Starting with the line that has "Диван-кровать угловой Оксфорд" in the records below and stopping after the line that has "Определяем крутящие моменты", output every line exactly and nothing else; skip pictures.

| Excerpted records |

=== Section Start ===

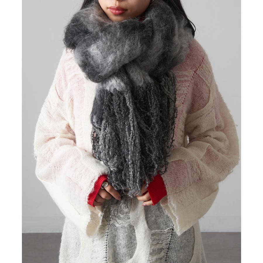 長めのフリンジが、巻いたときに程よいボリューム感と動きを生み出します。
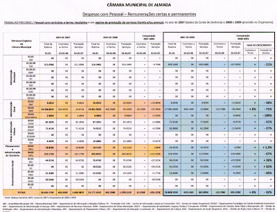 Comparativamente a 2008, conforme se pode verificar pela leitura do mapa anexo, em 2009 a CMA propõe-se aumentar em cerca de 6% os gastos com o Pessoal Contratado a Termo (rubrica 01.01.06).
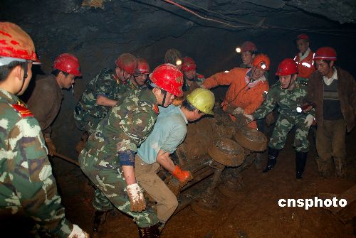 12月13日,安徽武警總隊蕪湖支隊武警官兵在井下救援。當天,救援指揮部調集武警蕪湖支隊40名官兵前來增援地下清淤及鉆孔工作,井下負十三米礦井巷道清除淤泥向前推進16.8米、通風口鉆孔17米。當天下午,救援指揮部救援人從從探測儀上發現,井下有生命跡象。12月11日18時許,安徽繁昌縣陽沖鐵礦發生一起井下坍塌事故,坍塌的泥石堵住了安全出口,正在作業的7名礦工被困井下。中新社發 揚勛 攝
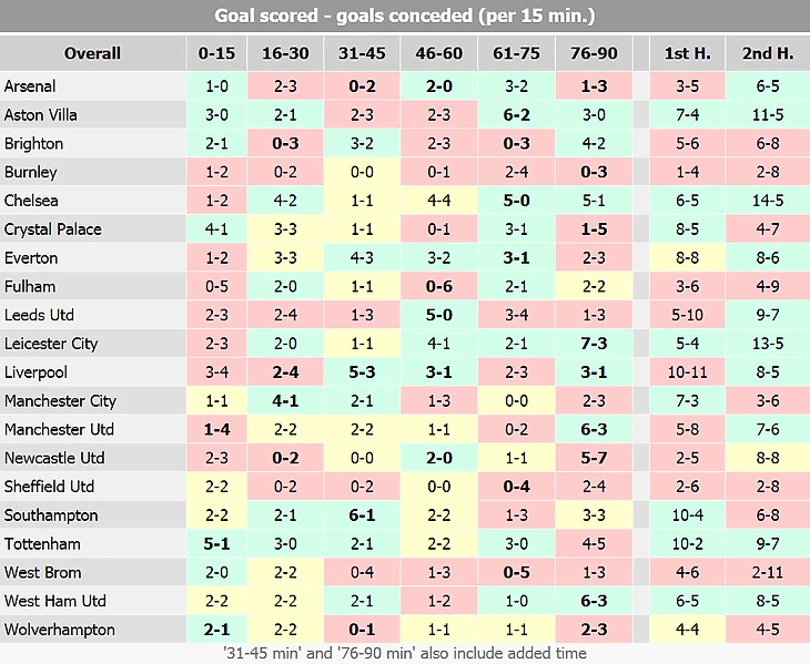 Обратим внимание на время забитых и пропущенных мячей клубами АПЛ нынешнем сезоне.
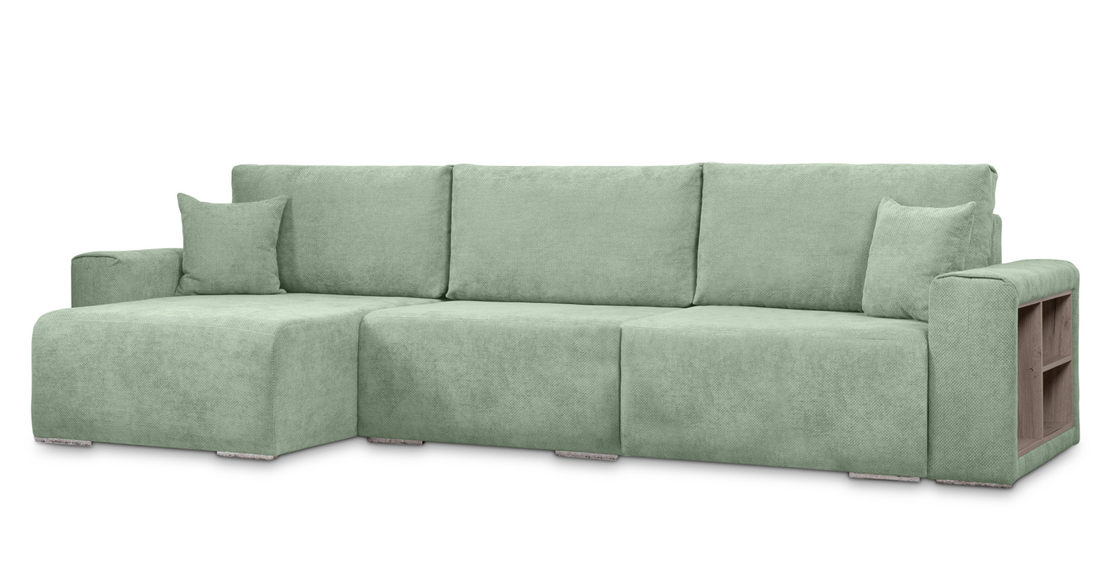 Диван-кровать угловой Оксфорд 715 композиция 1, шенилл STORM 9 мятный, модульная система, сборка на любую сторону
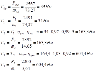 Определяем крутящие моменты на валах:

=== Section End ===
=== Section Start ===

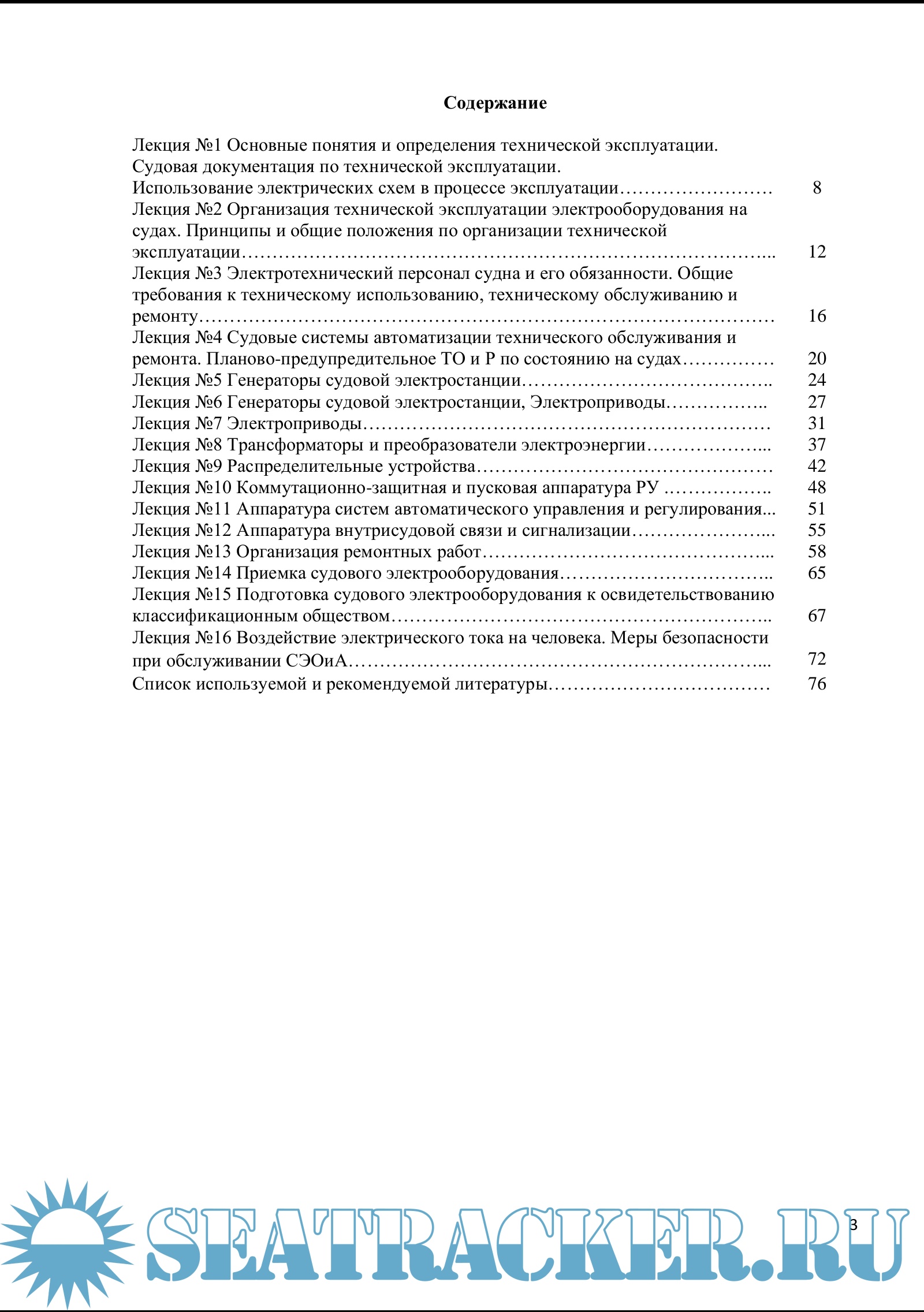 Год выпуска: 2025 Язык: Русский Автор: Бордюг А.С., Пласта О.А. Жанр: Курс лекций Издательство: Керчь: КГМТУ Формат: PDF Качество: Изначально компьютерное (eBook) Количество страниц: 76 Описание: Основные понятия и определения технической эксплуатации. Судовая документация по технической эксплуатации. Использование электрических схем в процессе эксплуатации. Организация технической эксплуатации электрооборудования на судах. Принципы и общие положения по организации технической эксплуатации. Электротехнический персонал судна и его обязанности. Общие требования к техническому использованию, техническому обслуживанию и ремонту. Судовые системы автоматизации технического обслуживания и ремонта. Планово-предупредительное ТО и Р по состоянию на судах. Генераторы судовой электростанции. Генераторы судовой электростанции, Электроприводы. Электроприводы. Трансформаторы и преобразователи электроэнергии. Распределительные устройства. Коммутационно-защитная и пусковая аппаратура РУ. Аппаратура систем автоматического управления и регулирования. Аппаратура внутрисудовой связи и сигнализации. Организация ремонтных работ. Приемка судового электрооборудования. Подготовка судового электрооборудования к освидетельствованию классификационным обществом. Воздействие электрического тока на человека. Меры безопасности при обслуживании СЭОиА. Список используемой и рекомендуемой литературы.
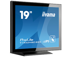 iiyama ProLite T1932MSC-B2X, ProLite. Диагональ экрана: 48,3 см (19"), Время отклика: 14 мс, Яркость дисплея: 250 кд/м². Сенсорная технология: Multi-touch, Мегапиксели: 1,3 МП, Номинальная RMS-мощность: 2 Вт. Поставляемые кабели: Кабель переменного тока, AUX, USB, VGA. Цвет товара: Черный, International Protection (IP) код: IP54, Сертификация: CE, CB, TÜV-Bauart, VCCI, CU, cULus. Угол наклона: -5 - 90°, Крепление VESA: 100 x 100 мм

=== Section End ===

| Written answer |
 Диван-кровать угловой Оксфорд 715 композиция 1, шенилл STORM 9 мятный, модульная система, сборка на любую сторону
 Определяем крутящие моменты на валах:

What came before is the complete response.